As the Futura court itself noted, "subsequent proceedings based upon defendant's actions occurring after the original proceeding will necessarily be factually independent from the primary proceeding." Id. at 11 (emphasis added). To determine that factual interdependence is required for enforcement jurisdiction would destroy it.

8

Appellants' complaint in the second action requests in the prayers for relief "an alternative order holding Advantix liable for the judgment" and "an order enjoining defendants from disposing of any assets until the obligations owing Plaintiffs have been adjudicated by this Court." We agree that these requests can be read to go beyond an effort to reach the assets of the judgment debtor. We do not agree, however, that the fact that appellants requested them changes the nature of the action from that of one for fraudulent conveyance.
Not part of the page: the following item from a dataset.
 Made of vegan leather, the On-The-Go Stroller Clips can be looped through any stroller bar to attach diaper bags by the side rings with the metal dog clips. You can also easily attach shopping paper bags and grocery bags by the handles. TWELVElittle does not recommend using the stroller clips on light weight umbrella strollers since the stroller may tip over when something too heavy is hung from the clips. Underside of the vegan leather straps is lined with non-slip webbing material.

Moreover these forms of relief are not available under Connecticut statutory or common law governing fraudulent conveyance actions and could not properly be granted by the Court in any event. Pursuant to Rule 69(a) of the Federal Rules of Civil Procedure, [t]he procedure on execution, in proceedings supplementary to and in aid of a judgment, and in proceedings on and in aid of execution shall be in accordance with the practice and procedure of the state in which the district court is held, existing at the time the remedy is sought...."
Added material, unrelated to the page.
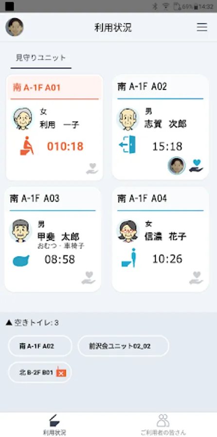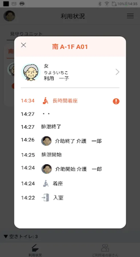 The app displays the status of entering and leaving the toilet and the start and end of excretion in real time.

Fed. R. Civ. P. 69(a) (emphasis added); see Dulce v. Dulce, 233 F.3d 143, 146 (2d Cir. 2000).

9

The parties discuss the fraudulent liens claims as identical in nature to a claim for fraudulent conveyance.

10

Appellees have recently brought to this Court's attention the fact that appellants have filed a virtually identical lawsuit against the same defendants in California state court. They argue from this that there is no policy reason for the Connecticut district court to assume jurisdiction over this case because the appellants could have filed and did file their fraudulent conveyance claims in California. This argument misses the point. We have not found that the district court has enforcement jurisdiction in this case because the plaintiffs would otherwise be denied a forum. We recognize that enforcement proceedings such as this one where the parties are not diverse may always be brought in a state court. Rather, we have held that the district court has enforcement jurisdiction in this case because no court should be powerless to enforce its own judgment when a defendant fraudulently conveys assets to avoid that judgment. The fact that the defendant conveys them to a non-diverse party should not divest a district court of enforcement jurisdiction. Such a result would encourage judgment debtors to engage in such conduct, not only to avoid payment of the judgment but also to force the winning plaintiff to pursue him to another jurisdiction.

11

Appellants in their motion to reconsider the district court's dismissal of the amended complaint, stated that "[i]n addition, the court should take Supplemental Jurisdiction of the Fraudulent Conveyance and Alter Ego actions." Nor are we persuaded that appellants' citation to Dunn v. Clarke, 8 Pet. (33 U.S.) 1, 3 (1834), in their reply brief was clear enough to find that the issue was raised.

12

As Peacock instructs, appellants could not have pursued a unified resolution of their claims on the basis of the district court's enforcement jurisdiction because appellants' alter ego and veil-piercing claims fall outside the district court's enforcement jurisdiction.